I don’t understand why mask mandates would be that much different.
Tucson and Flagstaff are defying do-nothing Douchey and still have mask mandates. I’m guessing they are counting on him not doing anything and they are probably right.
Currently Arizona is at 30% vaccinated. A quick look at the health department shows over 300 appointments, which doesn’t include pharmacies and PODs.
There was an outreach vaccination event in my community last week. I drove by the parking lot several times just because I am nosy and never saw more than 8 cars. As 6 of the cars didn’t move, I assumed those cars belonged to the volunteers manning the event.
Don’t come to Arizona. If you must come to Arizona, do it within the next couple of weeks and leave quickly because things are going to get bad again.
So do you think that local officials should always follow a governor’s mandates, or only when it suits them?
Only when it suits me, obviously!
And get vaccinated in those couple weeks, while waiting for spots to open up in your home state.
Oh absolutely! There’s plenty of vaccinations just sitting around feeling lonely and rejected.
On the ground here in Phoenix, I have gone to several stores yesterday and today (I’m now fully vaccinated and still using masks) like Frys or World Market, the big standees or posters at the door about masks needed are gone, but I did observe a 100% compliance with masks among the customers and workers in middle to high class establishments. At Costco I still saw the ads about using masks, so as of today it seems that most people are ignoring what El Douche Doug Ducey is requesting.
In less well to do places, I did observe a few Karens that did go without a mask, but very few so far. Beside that encouraging bit of news, vaccination drives do continue. Here is hoping that most people do continue to ignore the Governor until most are vaccinated.
Maybe you mean just sitting around and feeling lonely and non-injected.
Good to hear @GIGObuster. I am almost madder at our board of supervisors than I am at Douchey, so I do my grocery shopping at Anthem and use the dispensary in New River. Suck it up, BOS, you are NOT getting my sales taxes! (I’m not really cutting my nose off, I live in the middle so its the same distance wise to shop in Maricopa county and driving an interstate is always safer than driving a highway IMHO.)
I honestly don’t think we are going to get better than 50% vaccinated. I can’t give you cites or anything and yes it is my opinion only, but I see a lot and I hear a lot. I hope I’m wrong.
As much as I would like to, I can’t blame the current rise in cases on opening the state back up because its too soon for that. State: Daily case report the highest in 2 weeks
That seems to be happening all over. I think it must be the ore infectious variants on the spread.
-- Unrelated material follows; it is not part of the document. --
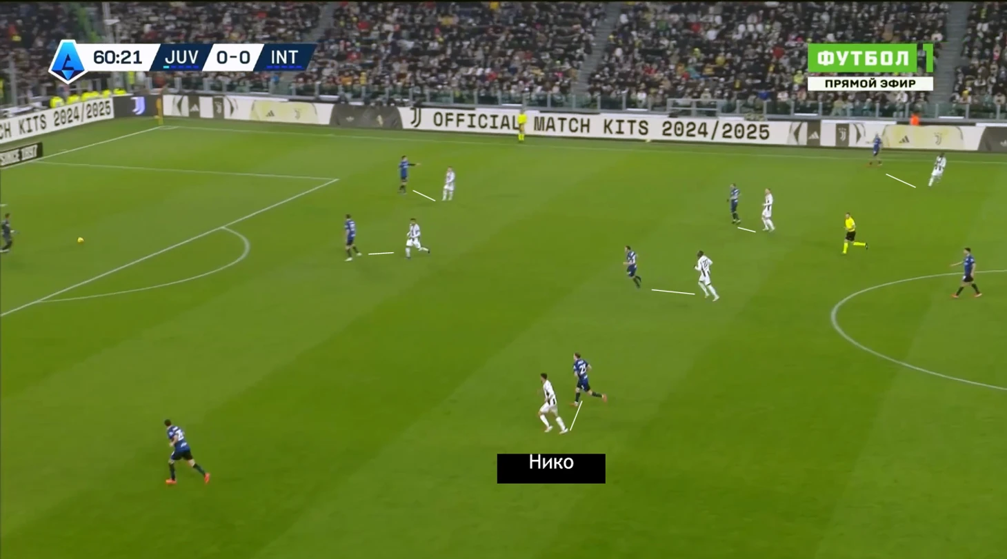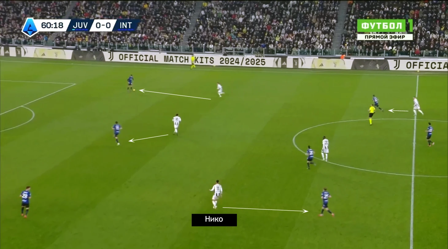Прессинг «Юве» и в первом, и во втором тайме переключался со среднего на активный персональный, когда «Интер» активировал триггеры. Но Мотте присуща адаптивность в давлении, легкие корректировки под соперника сразу после перерыва. С миланцами, даже уставшими, они были необходимы.

I think the most upsetting part about this is that I have been predicting all this shit all along and nobody listens to me. I had to send toilet paper to my own mother fer crying outloud!
How difficult would it be to change my username to Cassandra?
True enough, daily cases are a lagging indicator but with cases rising it’s not time to change course. Its like stopping to take a breather from stacking sandbags when the water’s still rising or worse, start pulling them down.
One MD interviewed on the radio likened it to spiking the ball on the five-yard line.